From the line that holds "Description: A black" down to the last line of the listing below, transcribe exactly and only those lines. Leave pictures out.

===== Data =====

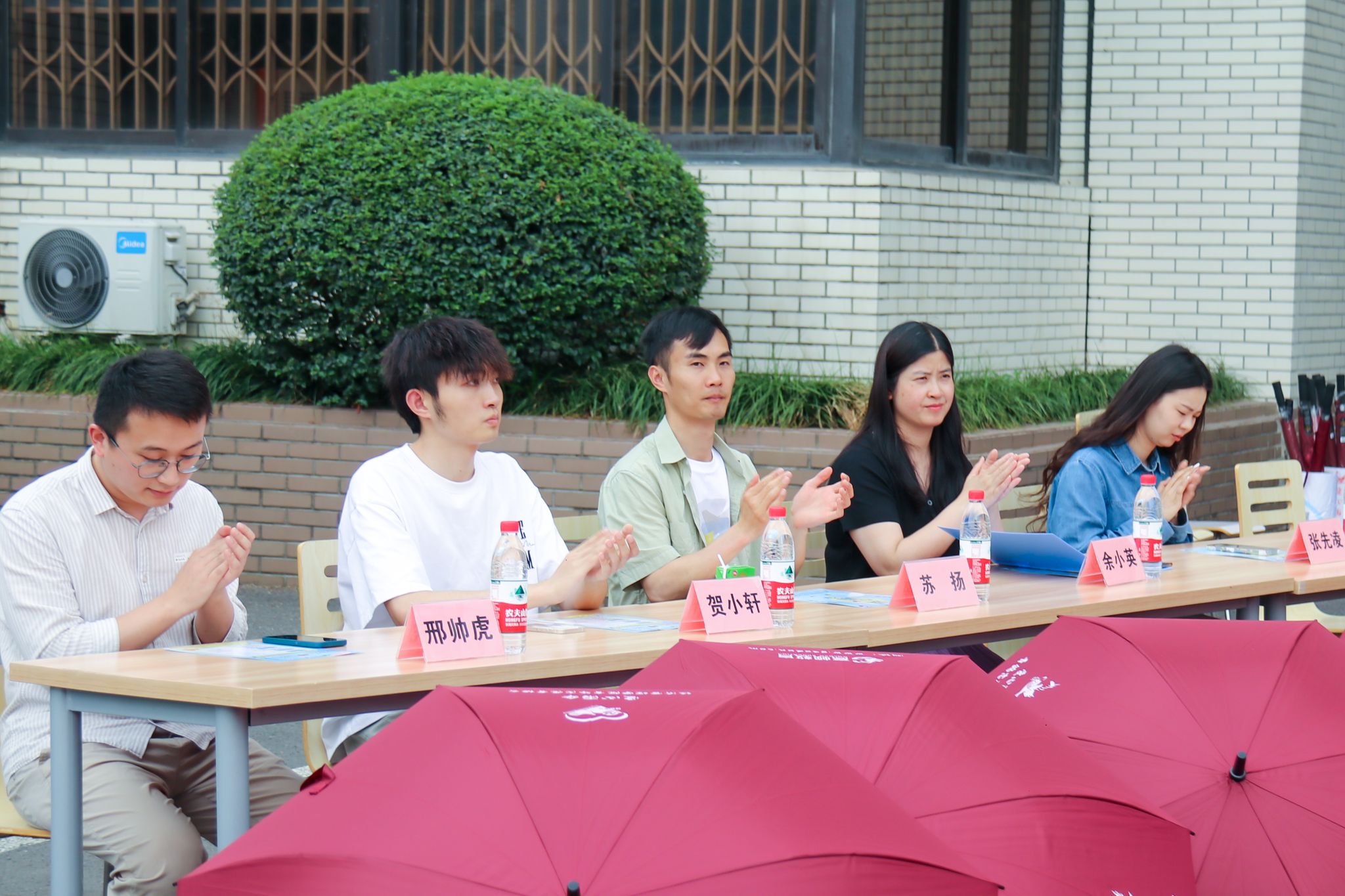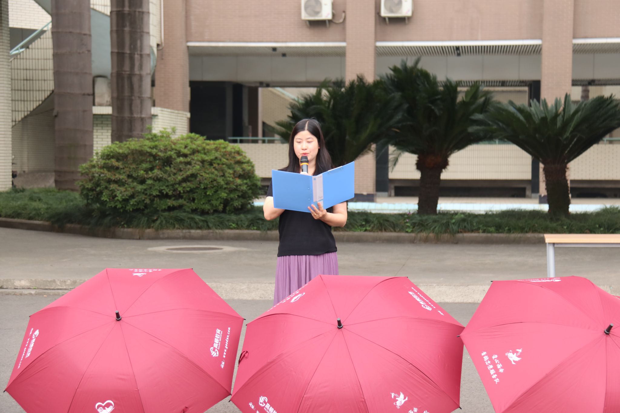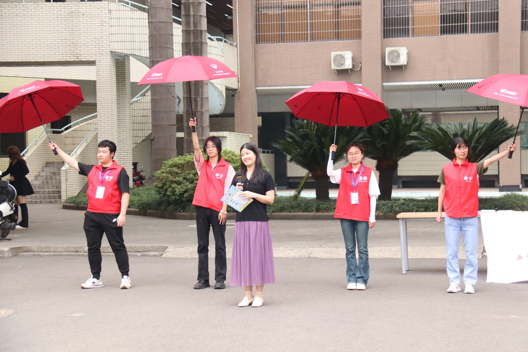 下午14:50,随着志愿者撑开象征着爱心与温暖的红色雨伞,余小英宣布爱心雨伞活动正式启动。
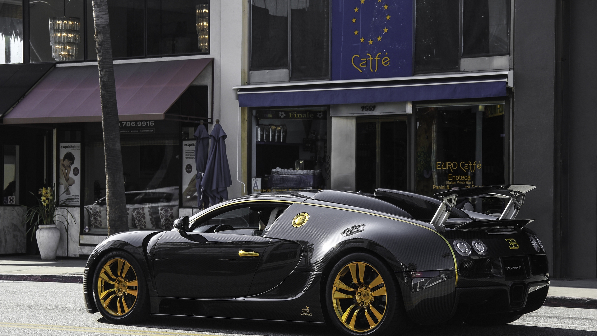 Description: A black and yellow buggy parked on the side of the road in front of a building with a purple awning.
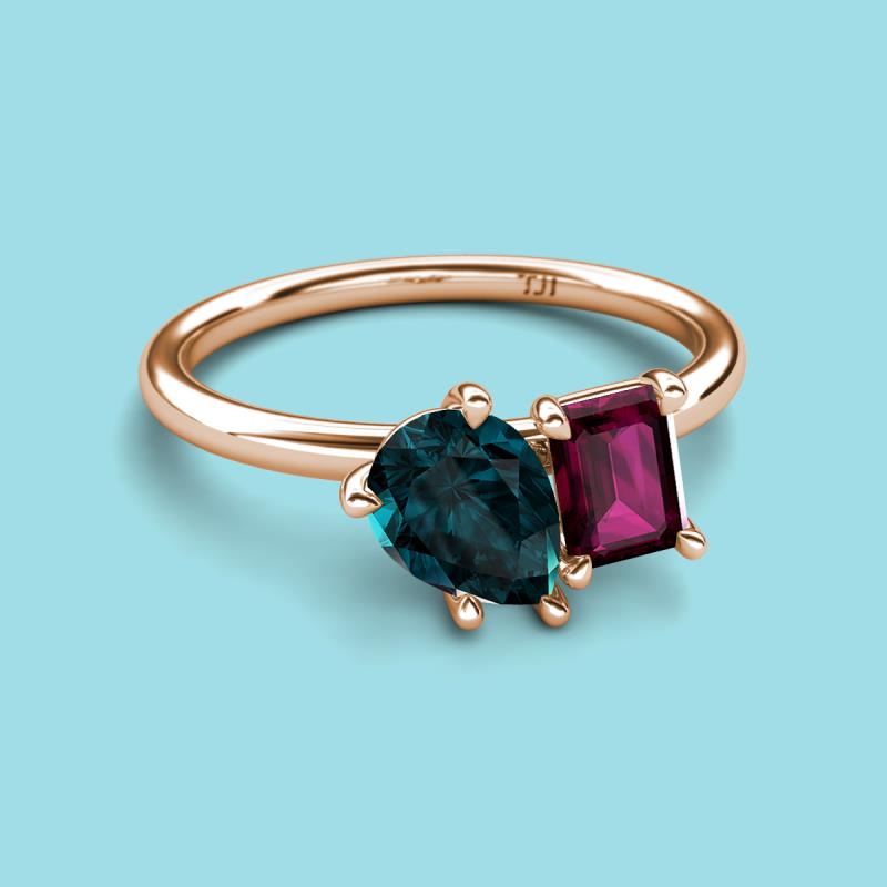 Pear Shape London Blue Topaz & Emerald Shape Rhodolite Garnet 2.95 ctw Four Prong Womens 2 Stone Duo Engagement Ring 10K Rose Gold More Details ...

=====

Completed exercise:
 Description: A black and yellow buggy parked on the side of the road in front of a building with a purple awning.
 Pear Shape London Blue Topaz & Emerald Shape Rhodolite Garnet 2.95 ctw Four Prong Womens 2 Stone Duo Engagement Ring 10K Rose Gold More Details ...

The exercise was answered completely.